Me grabo esas tres palabras a fuego en mi cabeza y, como un rayo, me llevo al guardia a lo que debió de ser el almacén de la planta, lo meto dentro y le ato las manos a la tubería de un pequeño lavabo con las esposas que él llevaba en su cinturón. El hombre no intenta detenerme, de hecho creo que centra todos sus esfuerzos en seguir respirando para no desmayarse.

Lo dejo allí encerrado y vuelo de camino a las escaleras mientras saco mi revólver de la mochila y compruebo que la cámara tiene balas. Debo de subir unos tres pisos para llegar a la séptima planta y avanzo por los escalones de dos en dos con el corazón en la garganta y la cabeza a punto de estallar. Tengo que sacarla de aquí.

Si no llego a tiempo no podré perdonármelo jamás, lo sé. Aunque finalmente todo esto sirviera de verdad para fabricar una vacuna y sea Emma la que salve al mundo, no me importará, porque ella no estará conmigo. Es muy egoísta por mi parte pero, ¿quién no lo sería en algo como esto? Quiero a Emma y haría lo que sea por salvarla.

Llegar a la séptima planta se me hace eterno.

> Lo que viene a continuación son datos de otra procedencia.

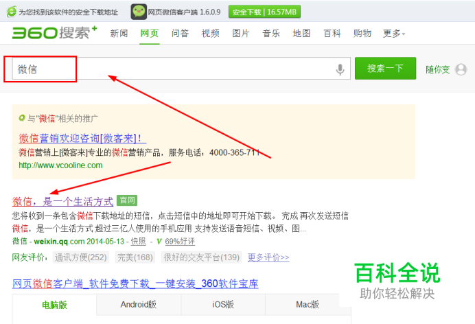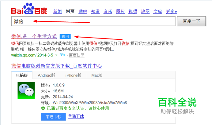 第一步,我们先去网上找到微信在哪里!两个搜索器,你都 可以找到;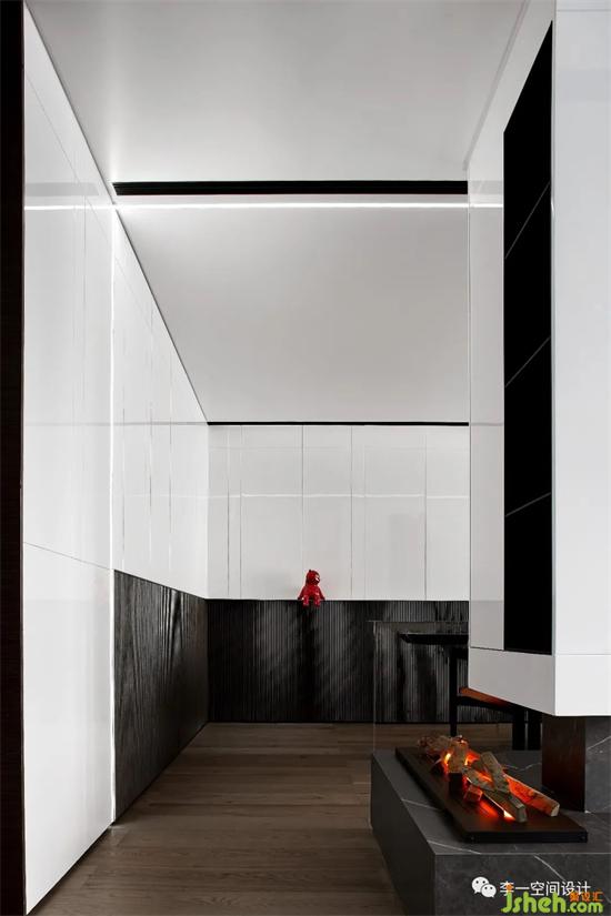 在動線起始的入戶空間中,在并不寬裕的平層空間中圍合出獨立的衣帽間彌補了電梯廳無法放置鞋帽的弊端,畢竟整潔的收納系統(tǒng)是生活儀式的開端;同時利用衣帽空間有效將中廚,洗曬陽臺以及相關設備電器的集成收納進行了空間劃分,一直強調(diào)生活一定裝修設計要丟掉那些可有可無,哪怕只是做到看不見,不是嗎?
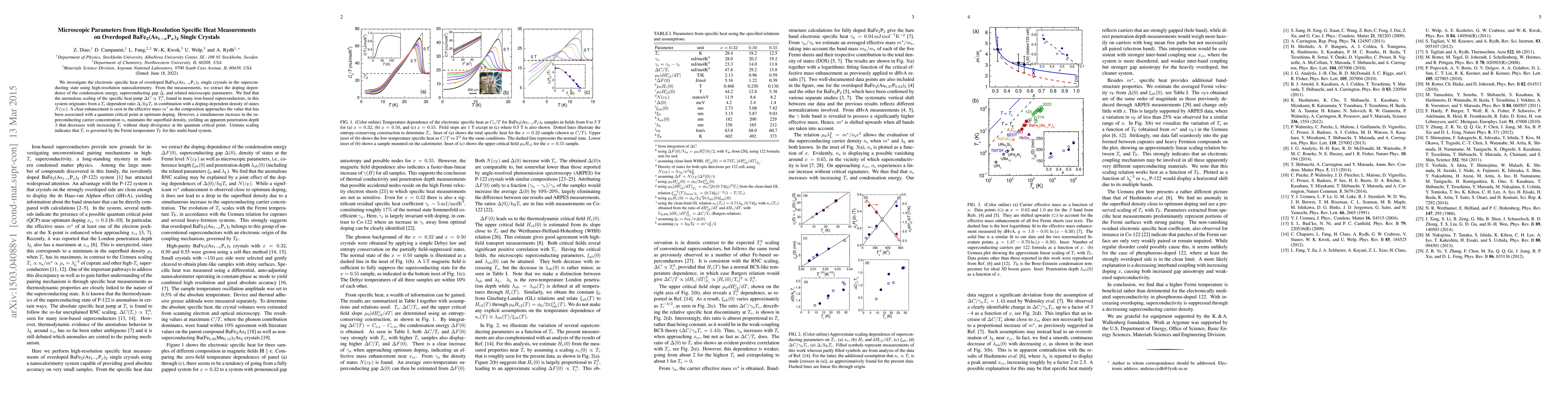 This study uses high-resolution specific heat measurements on overdoped BaFe2(As1-xPx)2 single crystals to determine microscopic parameters in the superconducting state. Key findings include an anomalous scaling of the specific heat jump due to a doping-dependent density of states and ratio of gap to Fermi temperature. The effective mass increases near a quantum critical point, but superfluid density remains high due to increased carrier concentration, with penetration depth decreasing as T_c increases without divergence at the critical point. Uemura scaling suggests T_c is tied to the Fermi temperature in this multi-band system.

Salgo directamente en el hall y veo un cartel que señala el ala izquierda de la planta y reza: "enfermedades infecciosas, neurología y pacientes en aislamiento". Mi mente conecta dos ideas tan rápido que incluso a mí me sorprende. Se van a operar a Emma necesitarán un ambiente muy parecido al de un quirófano, puede que no hayan tenido tiempo para preparar uno de verdad y por eso la han subido aquí, para hacer la operación en una habitación de aislamiento.

Atravieso un pasillo que me lleva a mitad del ala izquierda de la planta y no me hace falta buscar mucho la habitación que es, unos tres guardias se encuentran vigilando la puerta de la última puerta del pasillo, la número uno.

-¡Deténgase! -me grita el primero de ellos que me ve- No se acerque más. ¡Tire el arma o me veré obligado a ...!

Pero no le doy tiempo a continuar hablando. Levanto mi arma, le apunto directamente en la cabeza y disparo. Ni siquiera me da tiempo a pensar cuando disparo a los otros dos.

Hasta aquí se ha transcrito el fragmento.